◆ ASSIGNMENT: Return the lines of the listing below exactly as they appear, beginning at the one with "Մեր տեղական քրքակցներ" and stopping after the one with "Deposito separato in"; do not include pictures.

▼

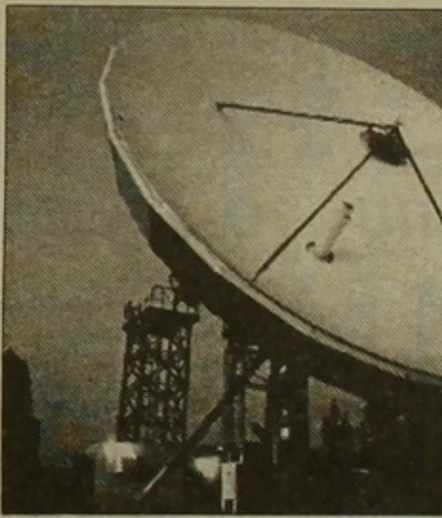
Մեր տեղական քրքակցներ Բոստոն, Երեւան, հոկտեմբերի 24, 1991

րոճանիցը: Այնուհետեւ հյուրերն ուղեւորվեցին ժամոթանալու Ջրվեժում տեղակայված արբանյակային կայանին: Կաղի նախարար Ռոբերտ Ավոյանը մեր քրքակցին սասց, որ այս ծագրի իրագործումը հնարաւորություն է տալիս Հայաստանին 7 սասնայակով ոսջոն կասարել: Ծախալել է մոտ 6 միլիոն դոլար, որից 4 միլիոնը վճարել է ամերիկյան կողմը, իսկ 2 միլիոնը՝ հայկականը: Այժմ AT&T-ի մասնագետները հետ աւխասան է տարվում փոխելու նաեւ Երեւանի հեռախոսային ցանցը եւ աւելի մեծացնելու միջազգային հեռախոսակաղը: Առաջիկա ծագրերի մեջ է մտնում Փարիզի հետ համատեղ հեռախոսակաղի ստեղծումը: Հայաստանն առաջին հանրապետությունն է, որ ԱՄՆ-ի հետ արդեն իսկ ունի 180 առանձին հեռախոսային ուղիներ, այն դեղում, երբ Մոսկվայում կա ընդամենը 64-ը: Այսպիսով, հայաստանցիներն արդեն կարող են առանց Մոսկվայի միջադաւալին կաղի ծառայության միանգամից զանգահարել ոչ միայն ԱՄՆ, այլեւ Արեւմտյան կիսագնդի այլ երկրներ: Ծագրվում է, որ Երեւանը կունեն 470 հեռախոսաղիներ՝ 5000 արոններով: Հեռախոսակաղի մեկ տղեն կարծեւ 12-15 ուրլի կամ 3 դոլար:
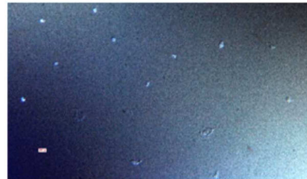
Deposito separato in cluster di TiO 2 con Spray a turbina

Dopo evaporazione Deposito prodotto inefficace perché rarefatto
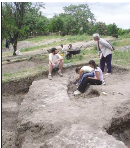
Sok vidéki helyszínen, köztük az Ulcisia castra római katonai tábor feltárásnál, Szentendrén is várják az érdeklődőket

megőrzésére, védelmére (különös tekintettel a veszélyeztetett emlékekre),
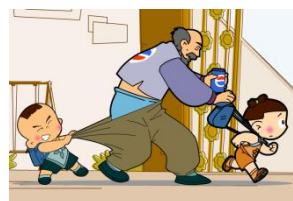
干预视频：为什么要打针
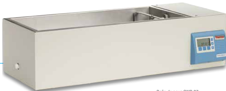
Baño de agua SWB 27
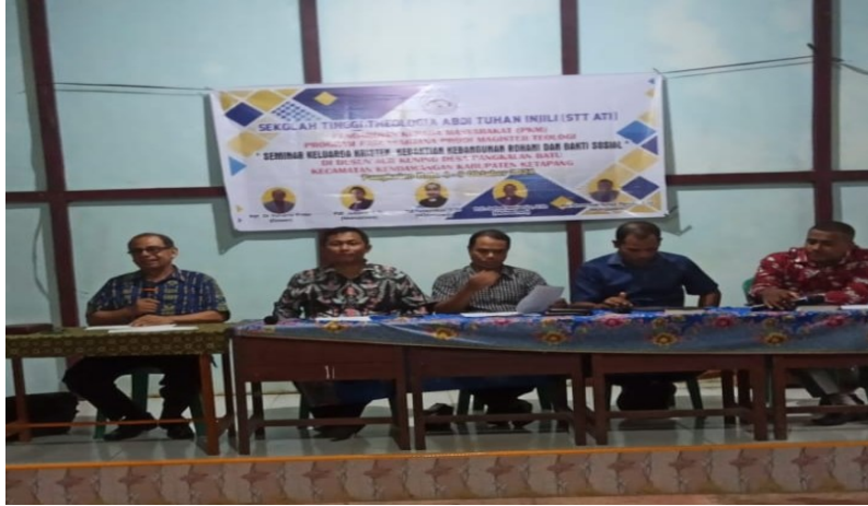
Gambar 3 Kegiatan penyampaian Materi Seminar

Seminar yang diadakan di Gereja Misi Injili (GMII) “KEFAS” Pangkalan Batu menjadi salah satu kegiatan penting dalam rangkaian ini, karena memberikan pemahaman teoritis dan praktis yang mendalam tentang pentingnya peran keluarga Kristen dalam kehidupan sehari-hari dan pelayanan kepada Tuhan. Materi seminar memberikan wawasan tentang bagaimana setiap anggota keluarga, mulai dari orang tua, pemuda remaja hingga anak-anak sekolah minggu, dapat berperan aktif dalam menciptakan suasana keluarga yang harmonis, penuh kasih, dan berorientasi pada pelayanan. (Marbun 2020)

▲
▼

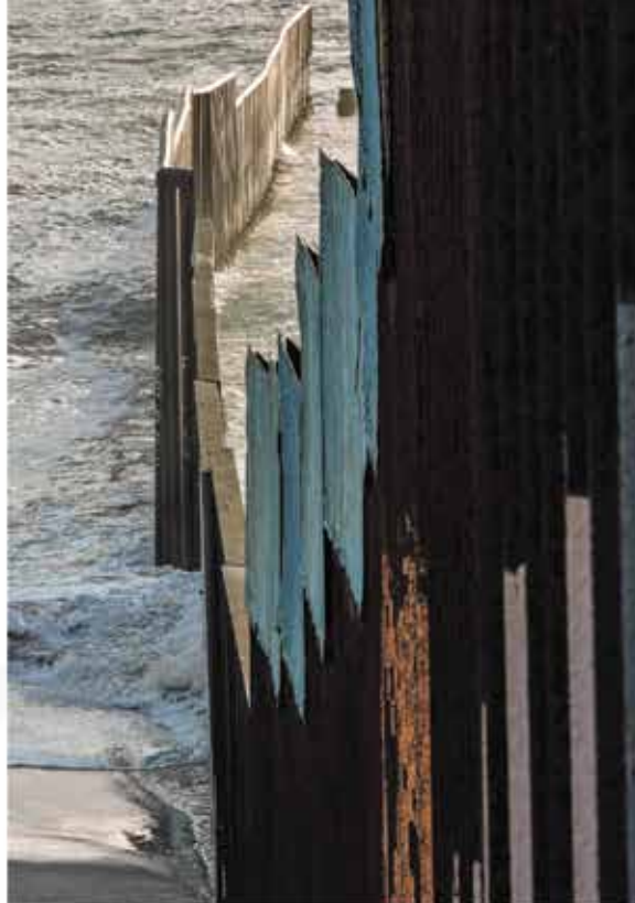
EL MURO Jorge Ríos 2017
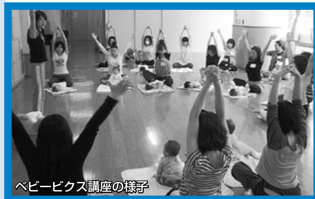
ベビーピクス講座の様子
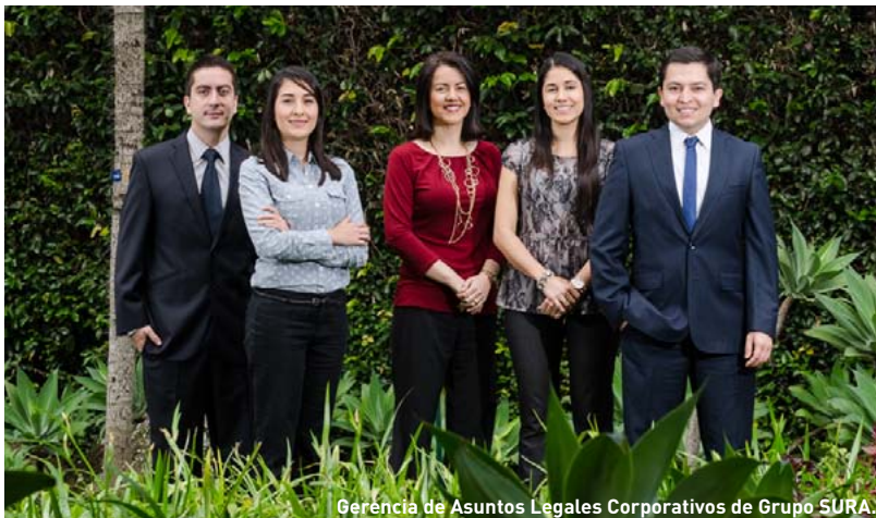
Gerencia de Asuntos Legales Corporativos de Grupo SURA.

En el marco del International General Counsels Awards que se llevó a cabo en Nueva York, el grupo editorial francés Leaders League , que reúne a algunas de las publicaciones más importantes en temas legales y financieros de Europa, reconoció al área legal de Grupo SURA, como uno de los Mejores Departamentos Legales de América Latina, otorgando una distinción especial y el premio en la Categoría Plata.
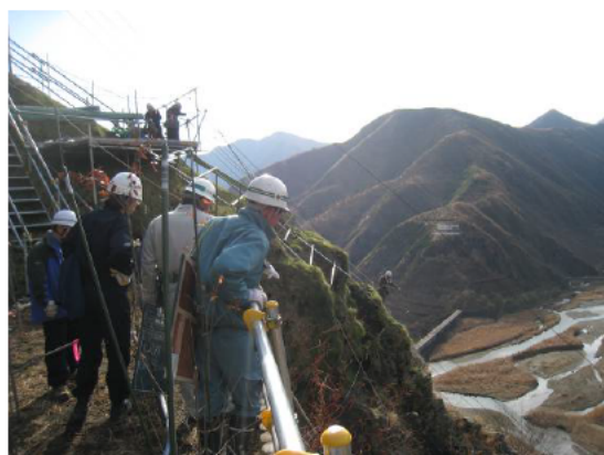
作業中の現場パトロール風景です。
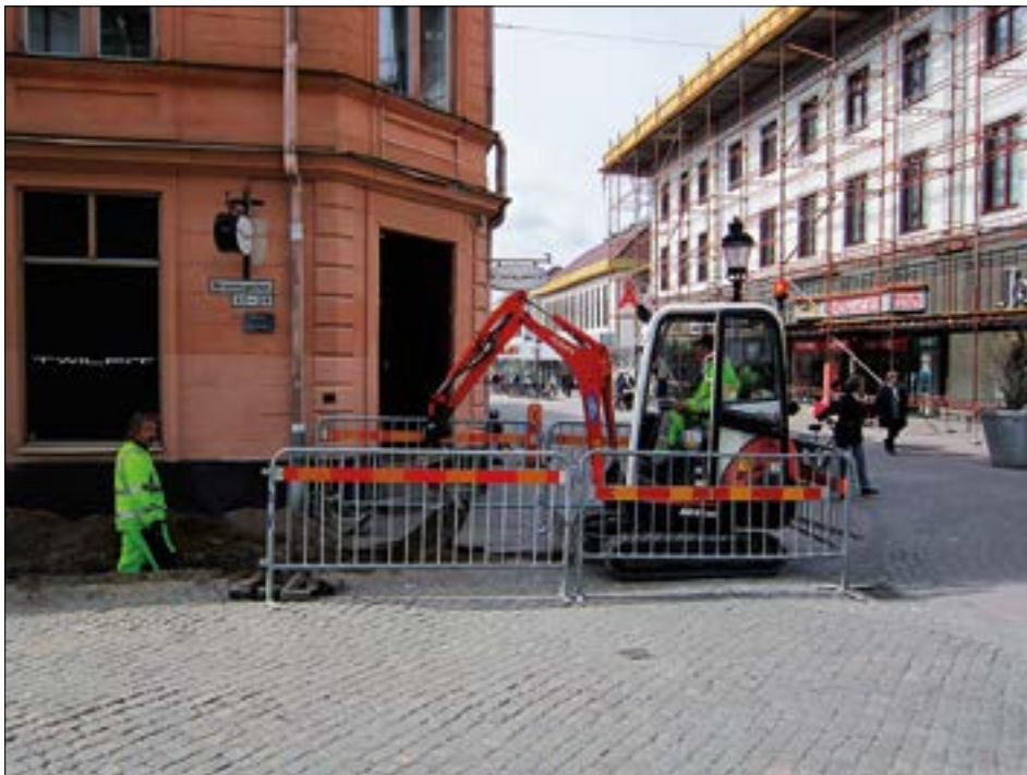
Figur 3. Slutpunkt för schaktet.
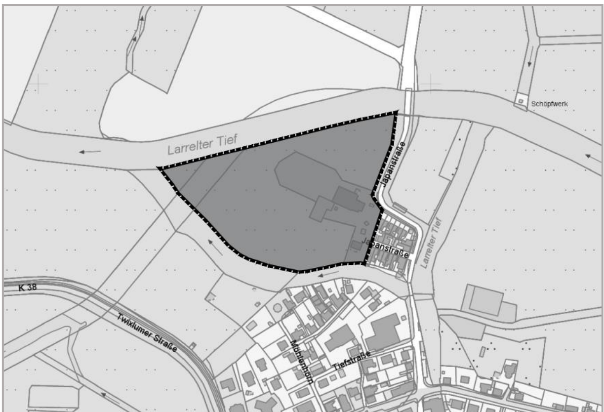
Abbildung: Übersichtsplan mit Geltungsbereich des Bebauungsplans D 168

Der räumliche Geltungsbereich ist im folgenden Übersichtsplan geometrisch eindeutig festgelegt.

▲

◆ SOLUTION FOR THIS PROBLEM:
Մեր տեղական քրքակցներ Բոստոն, Երեւան, հոկտեմբերի 24, 1991

րոճանիցը: Այնուհետեւ հյուրերն ուղեւորվեցին ժամոթանալու Ջրվեժում տեղակայված արբանյակային կայանին: Կաղի նախարար Ռոբերտ Ավոյանը մեր քրքակցին սասց, որ այս ծագրի իրագործումը հնարաւորություն է տալիս Հայաստանին 7 սասնայակով ոսջոն կասարել: Ծախալել է մոտ 6 միլիոն դոլար, որից 4 միլիոնը վճարել է ամերիկյան կողմը, իսկ 2 միլիոնը՝ հայկականը: Այժմ AT&T-ի մասնագետները հետ աւխասան է տարվում փոխելու նաեւ Երեւանի հեռախոսային ցանցը եւ աւելի մեծացնելու միջազգային հեռախոսակաղը: Առաջիկա ծագրերի մեջ է մտնում Փարիզի հետ համատեղ հեռախոսակաղի ստեղծումը: Հայաստանն առաջին հանրապետությունն է, որ ԱՄՆ-ի հետ արդեն իսկ ունի 180 առանձին հեռախոսային ուղիներ, այն դեղում, երբ Մոսկվայում կա ընդամենը 64-ը: Այսպիսով, հայաստանցիներն արդեն կարող են առանց Մոսկվայի միջադաւալին կաղի ծառայության միանգամից զանգահարել ոչ միայն ԱՄՆ, այլեւ Արեւմտյան կիսագնդի այլ երկրներ: Ծագրվում է, որ Երեւանը կունեն 470 հեռախոսաղիներ՝ 5000 արոններով: Հեռախոսակաղի մեկ տղեն կարծեւ 12-15 ուրլի կամ 3 դոլար:
Deposito separato in cluster di TiO 2 con Spray a turbina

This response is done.